ERISA -- 2008



LaRue v. DeWolff, Boberg & Assocs., Inc.   (U.S. Supreme Court)

Whether 401(k) participant can sue administrator for losses that only affect that participant

James LaRue, an employee with retirement benefits under his company's 401(k) plan, sued the plan administrator alleging the administrator failed to carry out LaRue's investment instructions, resulting in a loss of $150,000 to his account. The lower courts ruled that LaRue's suit was invalid because the Employee Retirement Income Security Act (ERISA) only allows suits on behalf of the plan and not for individual recoveries.

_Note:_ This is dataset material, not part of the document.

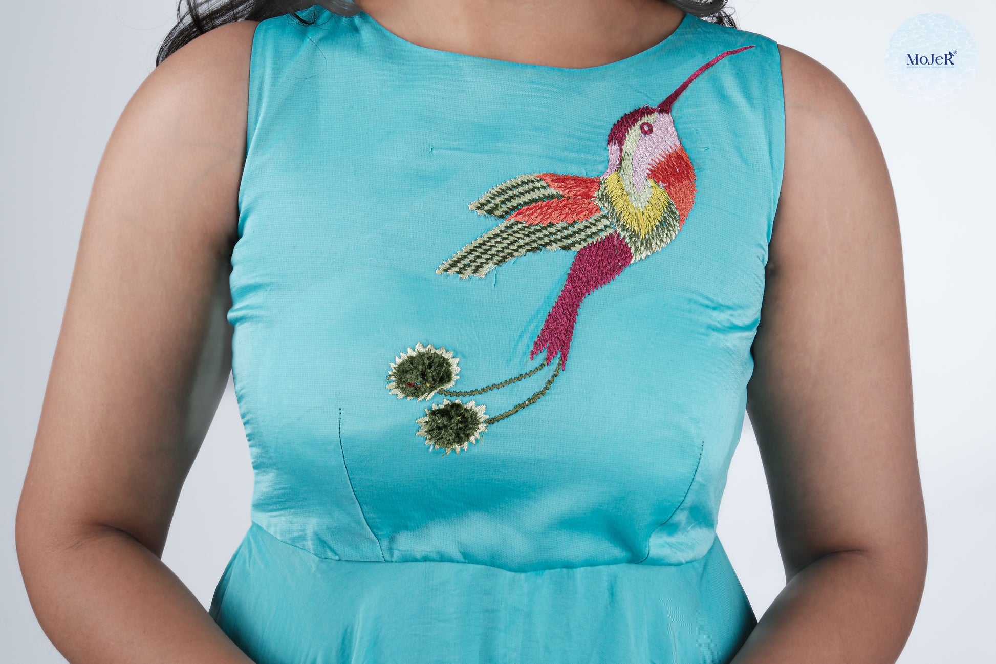 Turquoise Ombre Satin Organza Gown with Hummingbird Embroidery

The Supreme Court ruled 2/20/08 that ERISA does allow individuals to sue plan administrators even though the only damage alleged is to the individual's own account. The statute provides a remedy for individuals to sue administrators of defined benefit plans (pensions) for fiduciary breaches that affect the ability of the plan to pay out defined benefits, and now this ruling holds that the statute provides a remedy for individuals to sue for breaches that affect the payment of their individual benefits in defined contribution plans. The Court did not address the issue whether ERISA allows suits for money damages under a provision that limits remedies to "equitable relief."

This decision means that 401(k) plan administrators must exercise reasonable care as fiduciaries when carrying out their obligations on behalf of plan beneficiaries. They will still be protected against suits arising from investment decisions made by beneficiaries, but they have to carry out those investment directions according to the provisions in the plan.